В «Теории романа» причудливо сочетались разнородные эстетические тенденции. Одна из них эксплицитно связана с натурализмом; другая чуть приоткрывала пути к новой эстетике (в 1890-е годы она получила оформление в программной статье «Не постыдно ли быть декадентом»[180]).
В художественной прозе Сологуба 1880–1890-х годов можно проследить те же тенденции (замысел «Ночных рос» по своей масштабности вызывает ассоциацию с «Ругон-Маккарами»), Золаистская эстетическая программа и художественная практика ощутимо повлияли на формирование его писательской манеры.

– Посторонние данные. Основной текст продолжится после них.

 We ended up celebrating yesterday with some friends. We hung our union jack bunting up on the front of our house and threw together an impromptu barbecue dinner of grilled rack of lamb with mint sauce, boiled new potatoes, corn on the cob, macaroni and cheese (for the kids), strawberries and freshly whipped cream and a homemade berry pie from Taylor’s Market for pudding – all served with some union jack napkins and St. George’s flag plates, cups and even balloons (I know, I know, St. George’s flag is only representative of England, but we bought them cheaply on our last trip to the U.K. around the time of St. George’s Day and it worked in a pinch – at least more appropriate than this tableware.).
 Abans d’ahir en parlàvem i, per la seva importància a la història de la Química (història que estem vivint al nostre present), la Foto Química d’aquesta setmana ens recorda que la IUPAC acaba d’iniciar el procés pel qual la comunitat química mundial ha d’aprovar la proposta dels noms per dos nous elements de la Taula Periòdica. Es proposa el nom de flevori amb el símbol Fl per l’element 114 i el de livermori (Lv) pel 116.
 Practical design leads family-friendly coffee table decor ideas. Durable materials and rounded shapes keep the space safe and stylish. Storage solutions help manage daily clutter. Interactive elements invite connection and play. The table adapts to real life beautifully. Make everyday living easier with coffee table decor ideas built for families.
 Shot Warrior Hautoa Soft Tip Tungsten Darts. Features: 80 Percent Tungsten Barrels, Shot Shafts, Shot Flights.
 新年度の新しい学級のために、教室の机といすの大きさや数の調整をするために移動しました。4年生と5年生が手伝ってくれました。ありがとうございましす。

В 1893 году Н. К. Михайловский в статье «Русское отражение французского символизма» констатировал: «С художественной стороны символизм, поскольку в нем есть зерно правды, представляет собой реакцию против „натурализма“ и „протоколизма“ Эмиля Золя с братией» — и далее отмечал, что в русской литературе, не знавшей натурализма («разве только в некоторых произведениях гг. Боборыкина, Ясинского и еще кое-кого помельче»), появление символизма было беспочвенно («одно дело — Франция, и другое дело — Россия»)[181]. Странным образом критик не принял во внимание вполне очевидный факт: русским символистам еще в гимназическом возрасте было хорошо знакомо творчество Золя и братьев Гонкуров.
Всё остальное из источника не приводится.